(Collected data entries)
-=-=-=-=-

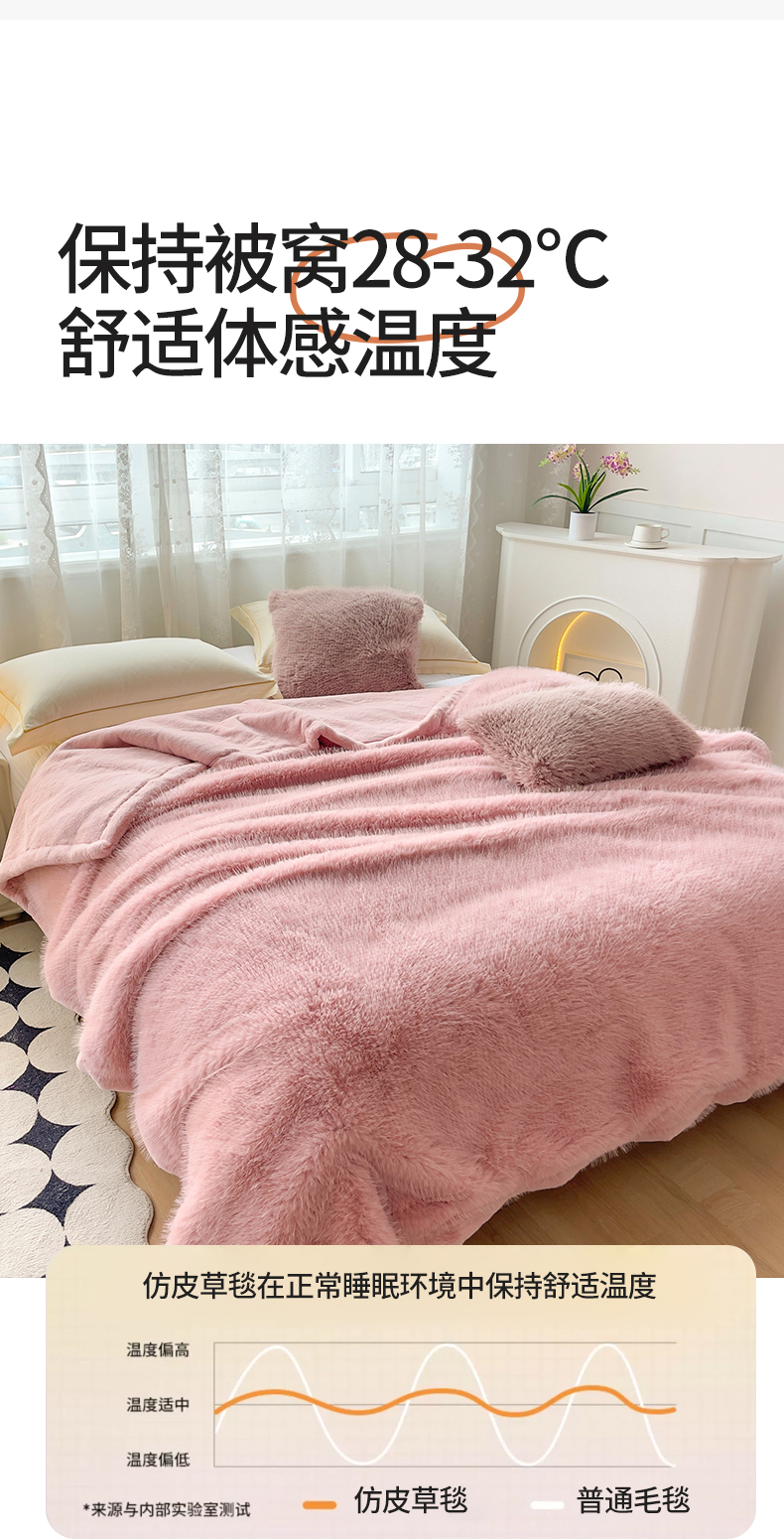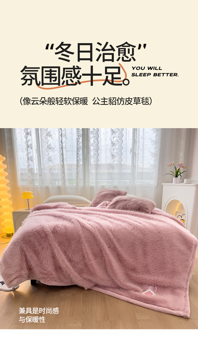 凯轩毛毛毯毯子网销专供 2024新款公主貂仿皮草毛毯毯子终版 樱花粉
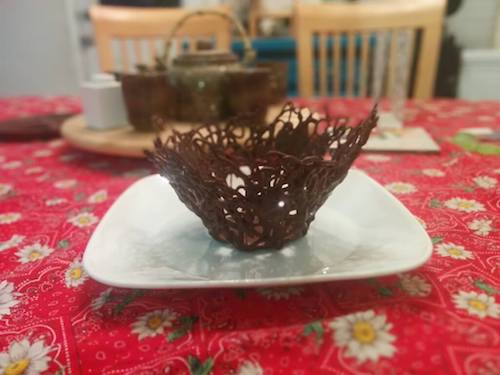 Or in my opinion the best way is to make chocolate bowls using a lined container as a mold. Aluminium foil or waxed baking paper can be used to line a container that is the shape you are after, then pipe your design over the top.
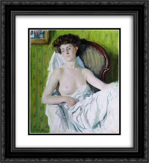 Portrait of a Lady. Model 20x22 Black Ornate Wood Framed Art Print Poster with Double Matting by Kustodiev, Boris
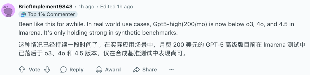 有用户在实际测试中,比如LMArena竞技场中,月费200美元的GPT-5也已经落后于o3、4o等版本。
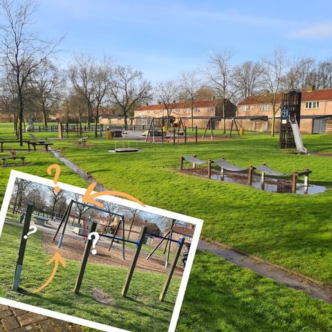Om ook het duikelrek weer compleet te kunnen maken zijn we opzoek naar de stang (zie foto), want deze is foetsie. Wie o wie weet waar deze blauwe stang gebleven is?

-=-=-=-=-

= WHAT THIS TASK INVOLVES =
Return, exactly as they appear, the lines from the line containing "Portrait of a" through the end of the records above, both ends included, without pictures.

= EXERCISE OUTPUT =
 Portrait of a Lady. Model 20x22 Black Ornate Wood Framed Art Print Poster with Double Matting by Kustodiev, Boris
 有用户在实际测试中,比如LMArena竞技场中,月费200美元的GPT-5也已经落后于o3、4o等版本。
Om ook het duikelrek weer compleet te kunnen maken zijn we opzoek naar de stang (zie foto), want deze is foetsie. Wie o wie weet waar deze blauwe stang gebleven is?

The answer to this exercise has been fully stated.